Jesus Creed

Missional Jesus is self-oriented. I once referred to this as the justifiable egocentrism of Jesus. Some don’t like the expression; I do. Here’s why:
Read these words of the missional Jesus and you’ll come to the heart of Jesus’ missional work:
Matt. 11:28 “Come to me, all you that are weary and are carrying heavy burdens, and I will give you rest. 29 Take my yoke upon you, and learn from me; for I am gentle and humble in heart, and you will find rest for your souls. 30 For my yoke is easy, and my burden is light.”
Sometimes Jewish scholars feel the text of the Gospels in ways that Christians don’t. Take Jacob Neusner, one of history’s most prolific scholars. He reads this passage and says it cuts the Jewish community in half: those who find Jesus as the center of gravity and those who find the Torah as the center of gravity.
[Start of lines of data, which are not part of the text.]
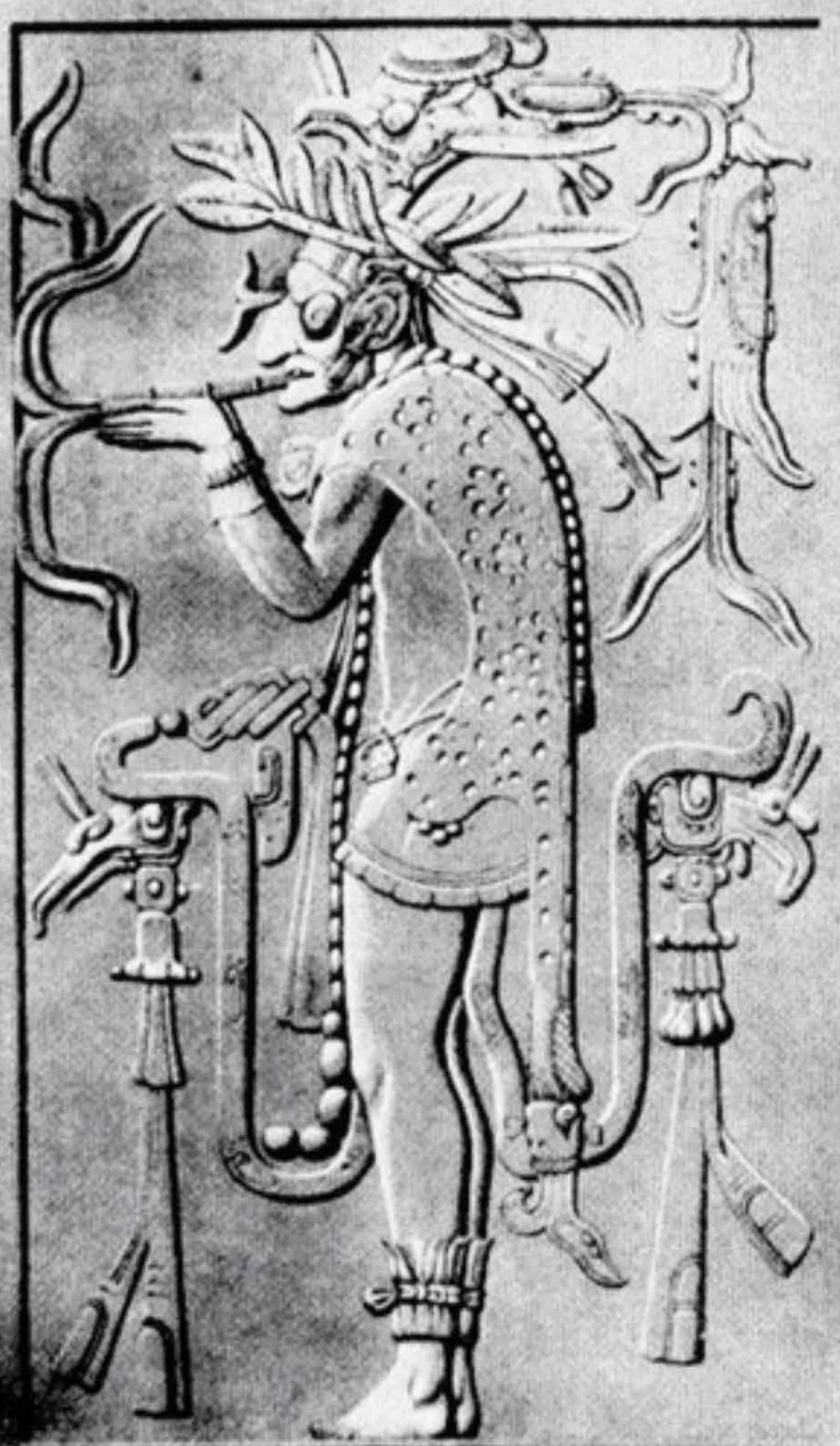 这块浮雕表现的是某种仪式上的玛雅人在吸烟。烟草的功能是造成神经亢奋,而且吸烟的时候烟雾缭绕,也显得神秘兮兮,还感觉飘飘然如神仙之概,所以美洲土著往往是在宗教仪式上使用烟草,等于人神沟通的桥梁,浮雕上吸烟的这个人应该是位祭司。哥伦布说,美洲土著的酋长和祭司,有时候甚至会吸烟吸到昏厥,真是好大的烟瘾。不过普通人一般不吸烟,他们嚼烟,把烟草叶子丢到嘴里嚼一嚼,效果也差不多,就只是没有喷雾的特效嘛。之前我们说美洲土著看到西班牙人骑马都被震惊了,旧世界的人,头一次看到美洲人吸烟,也吓坏了。
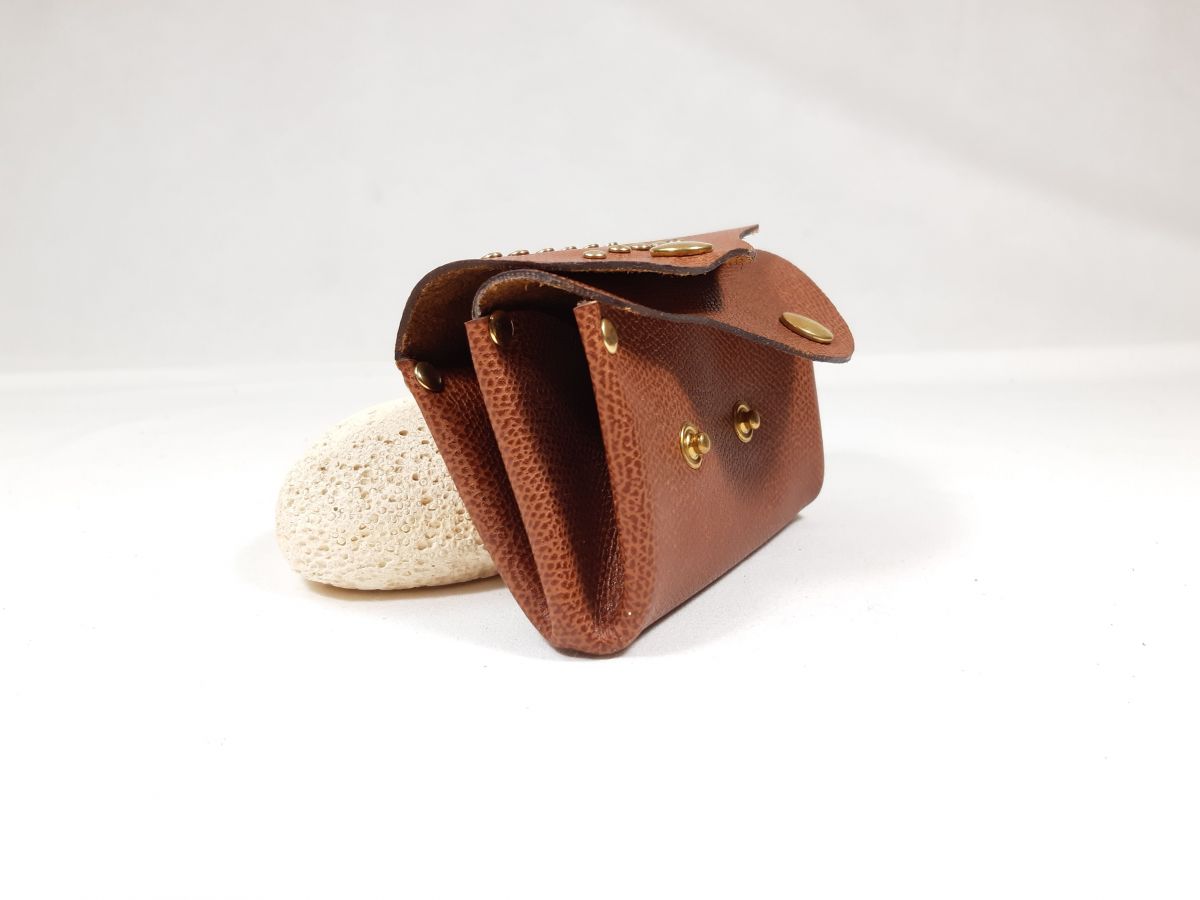 Porte-monnaie en cuir de vachette lisse, imprimé, tannage minéral, non doublé, coloris noisette.
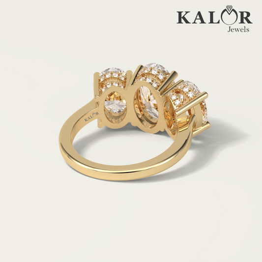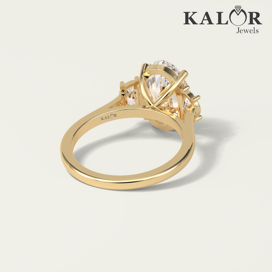 6.0 TCW Enduring Elegance Oval Cut hidden three stones Moissanite Engagement Ring with Oval cut and Round cut Side Stones

Anyone who reads this text in context knows that Sabbath passages are coming next: Matthew 12:1-14. Sabbath is for rest. Jesus says, in fact, that he is the rest. Come to me and I will give you that sabbath rest. The Law is upended. (I refer here to J. Neusner, A Rabbi Talks with Jesus.)
1. Missional Jesus, first and foremost, calls people to find the rest of God, the rest God wants for his people, fulfilled in Jesus himself.
2. Missional Jesus is kind, loving, charitable, merciful, and those who are burdened by the Law and by life can find rest for their very soul in Jesus himself.
3. Missional Jesus knows that the kingdom is fundamentally relational — it is about forming one’s identity by journeying with Jesus.
4. The summons of missional Jesus is to be in Jesus’ presence, to learn from him, and to live one’s life with Jesus.
5. Jesus is humble — missional Jesus is humble.
6. Jesus is gentle — missional Jesus is gentle.
I have never come to final terms with this: “For my yoke is easy, and my burden is light.” Well, yes, we might say: it is about loving Jesus. And then that becomes incredibly powerful and penetrating and challenging. Maybe it is easy and light because, like Kierkegaard, he is speaking of “purity of heart as willing one thing.” No one finds the will of God as taught by Jesus to be easily accomplished. Maybe its utter clarity is its ease.